In the German Offenlegungsschrift 3009279, a generator that can be driven by a vehicle drive system is described, where the generator is structured as a heteropolar generator, the rotor of which is attached to the flywheel of the drive system, and where permanent magnets are provided to excite the generator, at its stator. In this connection, the voltage is generated in a winding of the stator, which is attached at the housing of the drive system, around the rotor in this drive system, formed with the motor vehicle engine, the rotor complements the flywheel of the engine. Its cooling system serves indirectly also to cool the generator.
It is a disadvantage of the known motor/generator unit that it takes up a large diameter, since its rotor is built up on the outside circumference of the flywheel; in spite of the fact that a motor and a generator are built together, no simplification of the construction, in the sense of a reduction in the number of components, is achieved. Rather, this involves the installation of a generator into the specially adapted gear housing of an engine, which must be sized with corresponding dimensions in the radial direction. Because of the limited volume available inside the gear housing, particularly in the axial direction, the electrical output of the generator is limited to the requirements of an on-board network in a motor vehicle.

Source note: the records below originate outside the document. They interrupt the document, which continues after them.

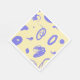 Este guardanapo de papel exibe linhas de lavanda e manchas artísticas sobre um plano de fundo branco amarelado.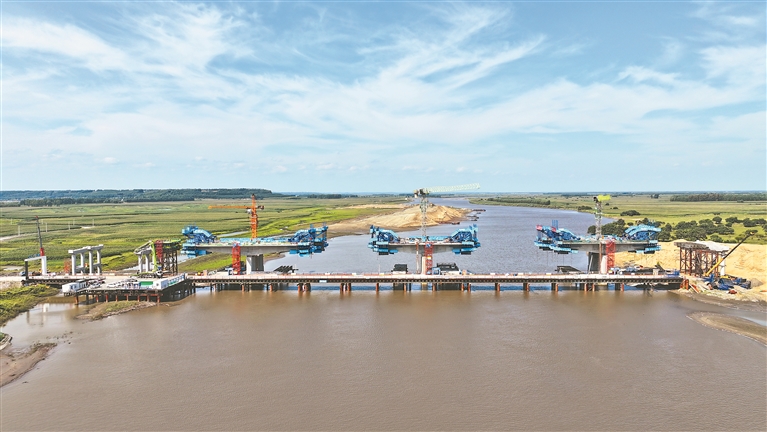圖為建設中的呼蘭河特大橋。本報記者 吳利紅攝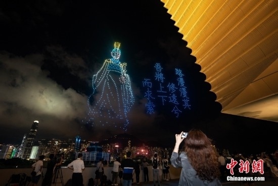 6月22日晚間,“紫荊花之夜”無人機(jī)燈光創(chuàng)意秀在香港故宮文化博物館畔的海面上空舉行,2000架無人機(jī)演繹多個(gè)與“端午節(jié)”相關(guān)的圖案,點(diǎn)亮香港夜空。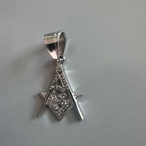Men's Free Mason Stainless Steel Freemason Symbol Masonic Pendant Chain Silver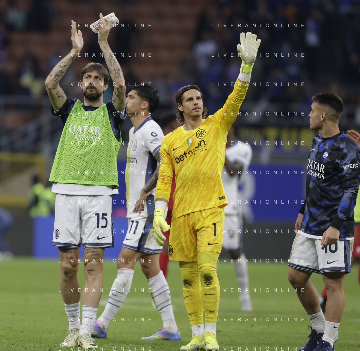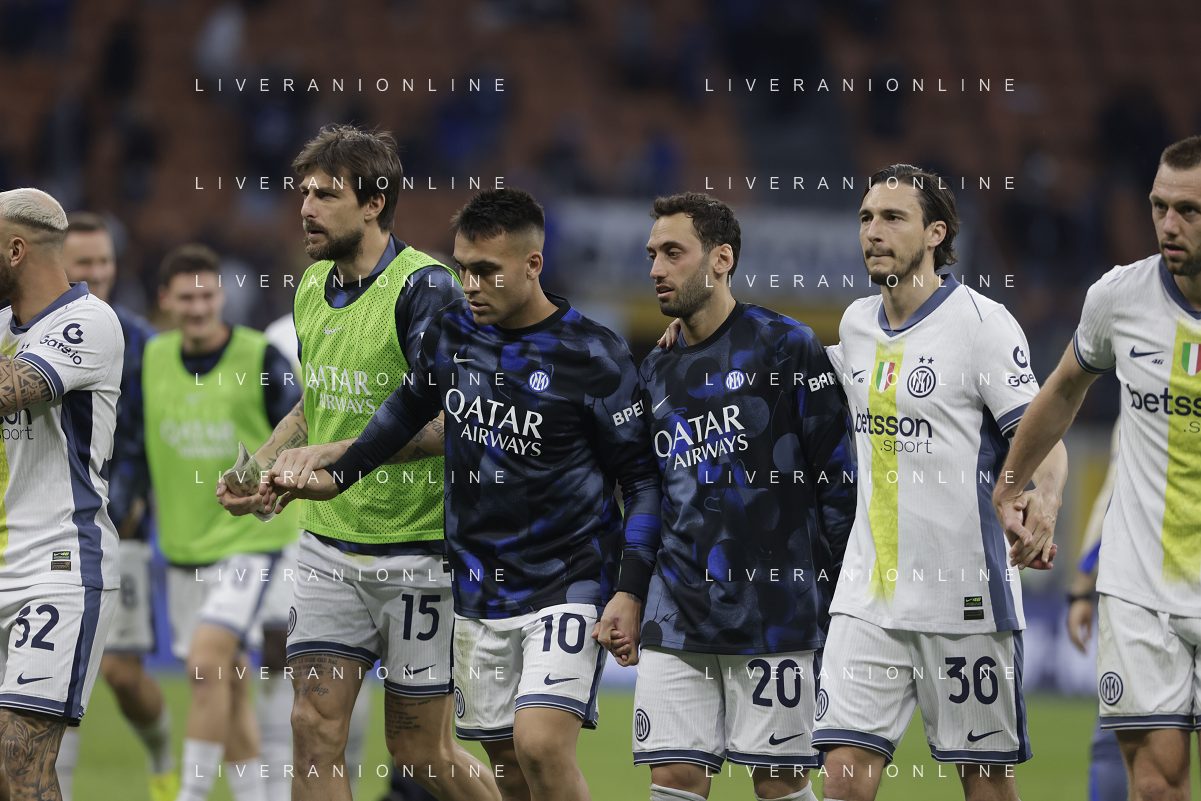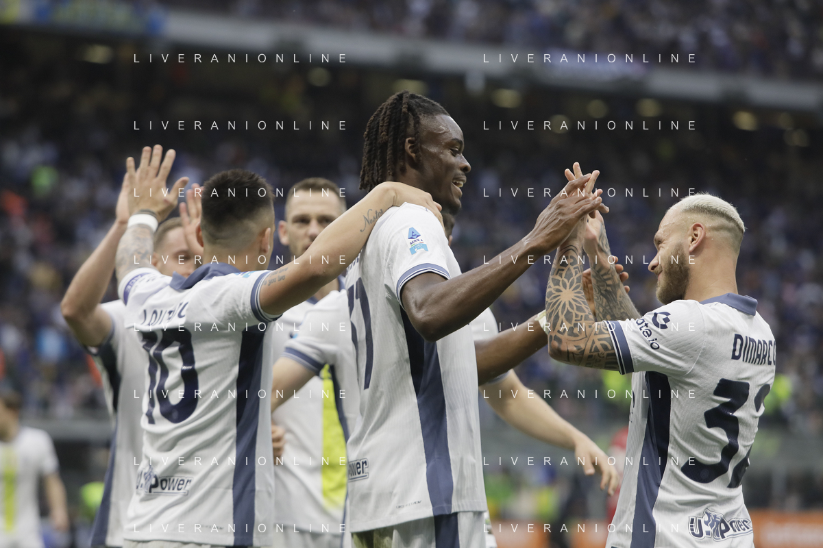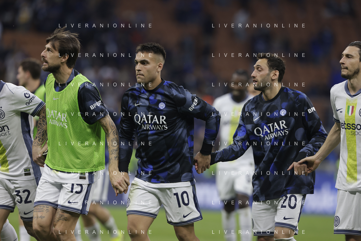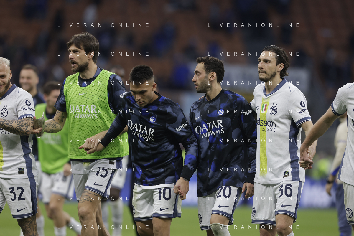 Inter vs Cagliari nella foto giocatori Inter esultanza dopo il gol del 3 a 1 Milano 12-04-2025 Stadio Giuseppe Meazza - San Siro Campionato Serie A Enilive - 32a giornata foto Roberto Garavaglia/Agenzia Aldo Liverani sas

A power generator unit as stated initially, which is furthermore combined with a pump unit, is described in the German patent DE 19721527. The rotor of the generator, which is attached at the crankshaft, forms the flywheel of the motor, at the same time. A coolant flow generated by the pump unit brings about cooling of the generator. Motor cooling is not described.
In contrast, the present invention is based on the task of achieving the result, in a power generator unit of the type stated initially, in terms of its design, that because of the combination, fewer components are needed, i.e. components can be used in multiple ways, and that the construction volume of the generator is low, both radially and axially. In addition, a simple method of construction is supposed to be implemented, with which the problems caused by bending of the crankshaft are eliminated and where cooling is performed in simple manner.
The aforementioned task is accomplished, according to the invention, with the characteristic of claim 1. In this connection,
a) the flywheel of the diesel engine is replaced by the rotor of the generator, which in turn is built onto a fan wheel that in turn is flanged onto the crankshaft of the drive motor, at its face;
b) the stator is structured as a package of iron sheet metal, which bears the rotor windings;
c) the rotor is structured as a package of iron sheet metal, which bears the permanent magnets to generate a rotating magnetic field.
In this connection, the fan wheel provides for cooling of both the generator and the engine, in efficient and space-saving manner.
The sheet-metal construction of the rotor and the stator allow a method of construction of the generator that particularly saves volume.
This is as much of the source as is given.